I’m not sure how much is missing, I suspect that it’s only the UI that doesn’t “support” it. It seems to me that it’s present pretty much throughout Core. But, since I’ve never sat down and figured out exactly how to use it, I haven’t tested it and don’t know what obstacles might have appeared. But, it’s quite obvious to me that it did work once upon a time.

This PR does at least support it to the extent it is involved:

https://github.com/openhab/openhab-core/pull/4633

1 Like

On the topic “openHAB and concurrency” why one and the same transformation, implemented by a rule engine, cannot run in parallel? That is, the transformation has to finish, before it is executed again. Preventing one and the same rule to run at the same time kind of makes sense, but why the same restriction is applied for transformations?

I’m probably not the correct person to answer this, but I don’t think this applies to transformations in general - but only script transformations. And, the reason is probably the same as we’ve discussed with rules, that the context (for JS and Pyhon at least) must be used synchronized/non-concurrently.

I’m pretty sure none of the automation add-ons nor Rules DSL support it. That had to happen before we even begin to worry about managed rules.

I too cannot speak from the code but I can speak from observation. I’ve done excessive testing in this area about a year and a half ago. And @florian-h05 mentioned some reliable info also.

Each transformation serving in a .js file gets it’s own ScriptEngine, same as for rules.

There can only be one transformation defined per .js file .

No matter how many times you apply that transformation, you are running in the same ScriptEngine.

For JS you can’t do that except sequentially. But it’s a problem for the other languages too.

Let’s say my transformation is complicated enough to define some variables. One use of the transformation starts running and sets the variables. Before it can use those variables another use starts running and overwrites the values in those same variables. Now the first use of the transform will continue running with the wrong data.

Adding the same transformation in two places does not create a new copy of the transformation. It’s closer to adding a new trigger to a rule.

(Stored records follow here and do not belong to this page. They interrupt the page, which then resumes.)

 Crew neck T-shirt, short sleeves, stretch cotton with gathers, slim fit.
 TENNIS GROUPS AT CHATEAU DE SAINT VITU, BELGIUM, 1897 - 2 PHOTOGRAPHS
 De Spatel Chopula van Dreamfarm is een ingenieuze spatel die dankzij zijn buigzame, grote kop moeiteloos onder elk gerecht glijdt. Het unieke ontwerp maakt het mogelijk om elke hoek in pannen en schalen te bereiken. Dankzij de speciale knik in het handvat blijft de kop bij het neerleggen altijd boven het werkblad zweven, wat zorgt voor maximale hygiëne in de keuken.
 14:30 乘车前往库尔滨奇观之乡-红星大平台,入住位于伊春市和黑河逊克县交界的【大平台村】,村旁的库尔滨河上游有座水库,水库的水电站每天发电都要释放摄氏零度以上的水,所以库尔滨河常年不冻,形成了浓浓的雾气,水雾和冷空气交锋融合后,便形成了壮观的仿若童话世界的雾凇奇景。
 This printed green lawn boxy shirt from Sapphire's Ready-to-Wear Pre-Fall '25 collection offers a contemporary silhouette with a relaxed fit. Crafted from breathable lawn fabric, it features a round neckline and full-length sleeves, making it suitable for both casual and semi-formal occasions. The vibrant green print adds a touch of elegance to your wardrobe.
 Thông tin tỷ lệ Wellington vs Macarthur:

Ways to achieve parallelism with script transformations include:

  • use inline transformations which each get their own ScriptEngine even if they are identical
  • create multiple copies of the transformation and only use each one in one place at a time

I cannot speak as to whether these are technical limitations or implementation choices. I can only speak to how it works right now.

I can’t answer this any further without digging in, all I can say is that there’s quite a lot of handling in place to make passing values between modules possible - so it’s hard to believe that this have never had any use.

For me a transformation is just like a function in any programming language. This function can define local variables, which are valid only during one function execution. It can also use variables, which outlive the function execution (global, static variables). The rule language, where the function/transformation is implemented, offers both local and global (static) variables. (openhab-core offers in addition sharedCache).

So when somebody implements a transformation, that person has to take care that the transformation (function) is multi-threading capable: it either uses only local variables (or does not use variables), or synchronizes the access to global variables.

openHAB shoud just permit parallel execution of the transformation, assuming that protection from race conditions is implemented in the transformation.

For JS this will still be serial execution, but for other JSR223 addons, there will be parallelism.

I’ve been using OH since version 1.6 and I’ve never seen an instance where it’s been used outside of some very recent developments in UI rules which can call Thing Actions directly. And I’m not sure even these use this same mechanism or something else.

There has never been a way to return something from a rule. In managed rules (I e. in the UI) there was talking of want to be able to get a return value from and action and pass it to the next. Apparently some work was done to super this or it was a feature planned for from the start that never got implemented.

As of today, there is no way for an end user to pass data and use them between actions and conditions using a return value.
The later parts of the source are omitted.